The fact_sales table records information about each sale. As part of a transformation process, the dealer identifier, marketing area, and sales area were appended to each transactional record to form the fact record. Every car transaction falls into a sales area and a market area. The sales and market areas may overlap, so separate tracking of each is required.
The sample download includes:
- documentation
- enhanced logging
- enhanced (optional) MyISAM table objects
- a suite of 110 SQL commands including queries, VIEWs and a stored procedure
NOTE
- The compressed sample database download is about 10X the size of the software download (at ~630MB) and takes up almost 3GB on disk when uncompressed.
- It will consume approximately another 5GB of database disk space if the MyISAM tables are loaded, only about 1GB if only Infobright tables are loaded.
- It will take time to download. Evaluators will need appropriate disk space for the download, the data files, and the loaded database itself.
Query Descriptions
Linux README
Windows README
Linux Database
Windows Database
ICE Breaker for Oracle V1.0 April 28, 2010
For Windows use only
OVERVIEW – ICE Breaker for Oracle is a Windows program that connects to an Oracle database, and creates a file that contains the necessary commands to migrate from Oracle to Infobright.

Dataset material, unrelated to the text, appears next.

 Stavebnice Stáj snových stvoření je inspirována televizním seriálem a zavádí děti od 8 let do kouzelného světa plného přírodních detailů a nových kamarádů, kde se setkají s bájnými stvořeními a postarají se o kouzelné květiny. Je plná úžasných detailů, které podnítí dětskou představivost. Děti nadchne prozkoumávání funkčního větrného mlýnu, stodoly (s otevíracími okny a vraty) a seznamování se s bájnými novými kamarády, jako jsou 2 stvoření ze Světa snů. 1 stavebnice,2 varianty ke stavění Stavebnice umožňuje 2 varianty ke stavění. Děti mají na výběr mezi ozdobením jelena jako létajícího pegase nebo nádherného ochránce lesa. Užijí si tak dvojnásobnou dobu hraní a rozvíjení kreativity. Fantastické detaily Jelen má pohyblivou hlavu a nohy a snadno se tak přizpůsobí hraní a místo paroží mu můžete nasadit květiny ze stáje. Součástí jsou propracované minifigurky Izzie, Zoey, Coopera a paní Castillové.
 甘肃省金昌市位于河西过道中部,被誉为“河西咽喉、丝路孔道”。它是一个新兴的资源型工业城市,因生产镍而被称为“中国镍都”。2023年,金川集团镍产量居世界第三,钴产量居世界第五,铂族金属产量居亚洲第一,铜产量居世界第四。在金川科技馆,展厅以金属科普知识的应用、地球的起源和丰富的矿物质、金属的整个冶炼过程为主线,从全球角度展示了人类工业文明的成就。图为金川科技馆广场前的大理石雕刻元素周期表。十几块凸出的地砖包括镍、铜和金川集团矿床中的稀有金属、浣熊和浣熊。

ICE Breaker for SQL SERVER (VERSION 1.0) April 28, 2010
ICE Breaker for Microsoft SQL Server is a Windows program that connects to a SQL Server database, and creates a file that contains the necessary commands to migrate from SQL Server to Infobright.

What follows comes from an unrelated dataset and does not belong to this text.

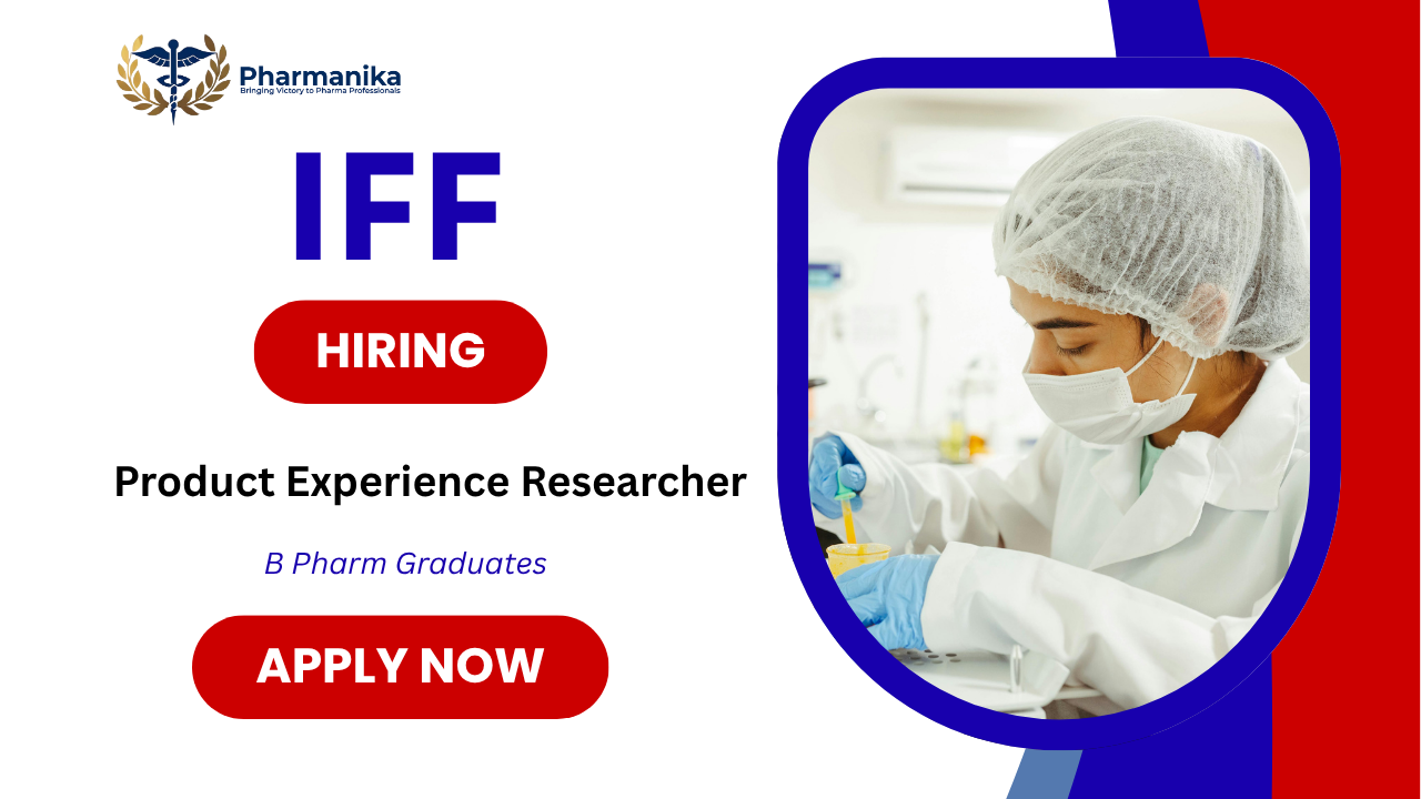 IFF is hiring a Product Experience Researcher for its Bengaluru location. This Research job on-site role focuses on sensory research, consumer insights, quantitative and qualitative studies, and data-driven flavor design. Candidates with 3+ years of sensory and consumer research experience can apply. Graduates interested in Pharmacy Job or b pharma jobs can apply.

Fix Comments in MySQL 5.1.40 Added March 8th, 2010
Versions of Infobright prior to v3.3.1 were bundled with MySQL 5.1.14 and observed the 'double-dash' (--) syntax to represent a COMMENT. With the release of v3.3.1 (and later) based on MySQL 5.1.40, the syntax support for COMMENT was changed to 'double-dash-whitespace' (-- ).
This is a Unix/Linux bash shell script that uses the 'sed' command to change all double-dashes to double-dash-space and any any double-dash-space-spaces back to double-dash-space. This is a very simple script with all assumptions documented in the script header.
Innodb Export - Import to Infobright (VERSION 0.9) Added January 29, 2010
Script to export/import data from InnoDB table in one MySQL instance to an Infobright table in another.
Assumption(s): table to be exported and imported have same name the whole table is exported - edits will need to be made for higher selectivity
Caveats: there is no validation of the "type" of either schema there are very few sanity checks in this script such as file system space and record counts out and in.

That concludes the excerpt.